Power limits and a figure of merit for stimulated Brillouin scattering in the presence of third and fifth order loss

TL;DR

This paper develops design guidelines and a figure of merit for optimizing stimulated Brillouin scattering in on-chip waveguides, considering various loss mechanisms to maximize amplification and power limits.

Contribution

It introduces a dimensionless parameter to determine optimal conditions and provides practical expressions for waveguide design, accounting for nonlinear and linear losses.

Findings

2PA-induced FCA limits SBS in silicon and germanium at specific wavelengths

Optimal operating conditions depend on a new figure of merit involving gain and loss

Three-photon absorption is negligible for SBS in studied materials

Abstract

We derive a set of design guidelines and a figure of merit to aid the engineering process of on-chip waveguides for strong Stimulated Brillouin Scattering (SBS). To this end, we examine the impact of several types of loss on the total amplification of the Stokes wave that can be achieved via SBS. We account for linear loss and nonlinear loss of third order (two-photon absorption, 2PA) and fifth order, most notably 2PA-induced free carrier absorption (FCA).

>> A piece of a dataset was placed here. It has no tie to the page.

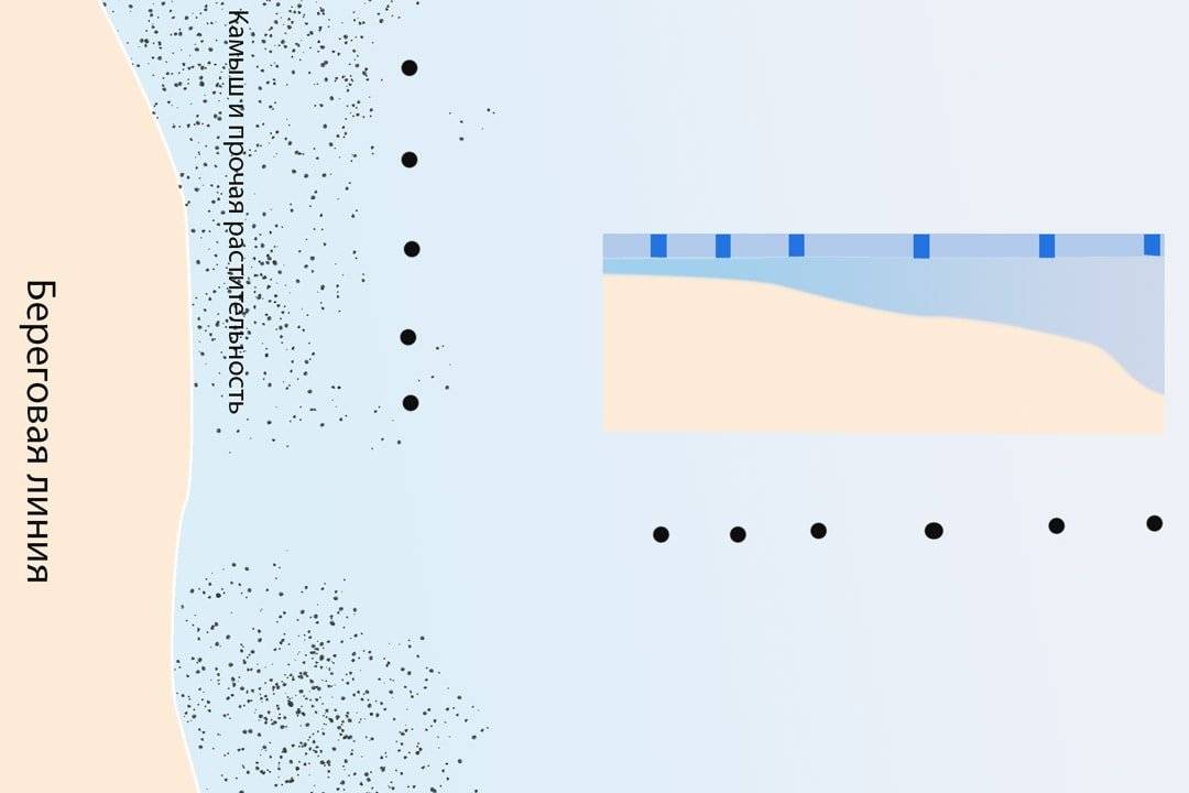 Расположение лунок при ловле на бокоплав — вдоль береговой линии при ловле в начале зимы и в глубину — при ловле в средине зимы и в глухозимье
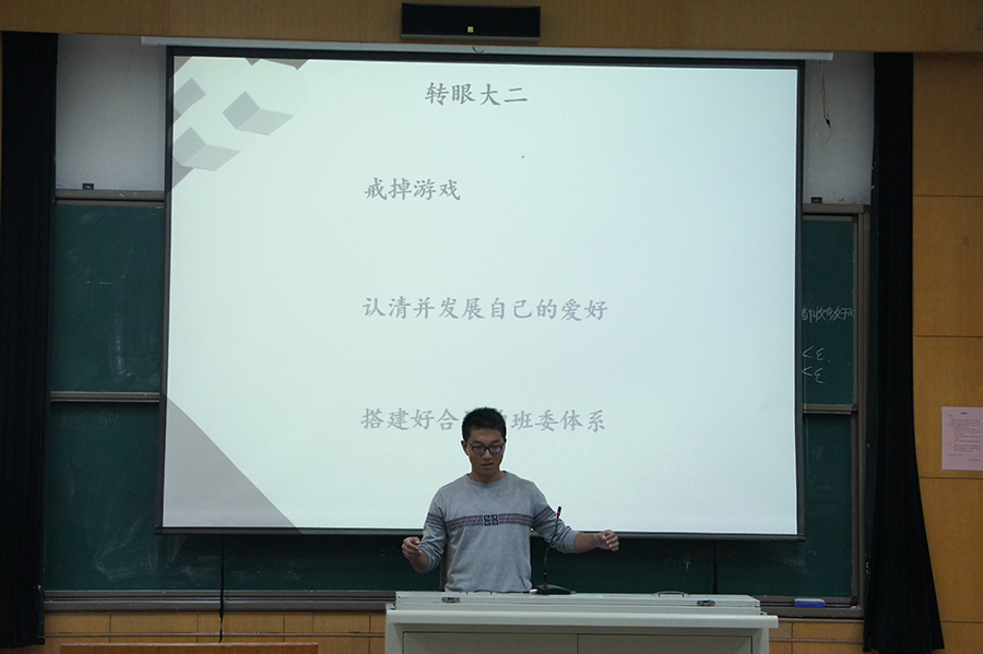 首先向新生们分享经验的是2013级杨辉。这位连续两年的国奖获得者主要对过去两年的学习生活进行了总结。他讲到大一时在国庆假期七天内把高数课本读完,但由于基础实验有些知识没弄懂对整体的绩点成绩有很大影响。所以大一下学期他吸取教训,在自己不擅长的学科上花费更多时间和努力,主要弥补了自己的弱项英语和热学,并提议新生多去图书馆借书,把不会的问题都解决掉。他最后强调“做人不要懒惰,懒惰比癌症晚期还难治疗”。

From this, we derive an upper bound for the output power of continuous-wave Brillouin-lasers and show that the optimal operating conditions and maximal realisable Stokes amplification of any given waveguide structure are determined by a dimensionless parameter $\mathcal{F}$ involving the SBS-gain and all loss parameters. We provide simple expressions for optimal pump power, waveguide length and realisable amplification and demonstrate their utility in two example systems. Notably, we find that 2PA-induced FCA is a serious limitation to SBS in silicon and germanium for wavelengths shorter than 2200nm and 3600nm, respectively. In contrast, three-photon absorption is of no practical significance.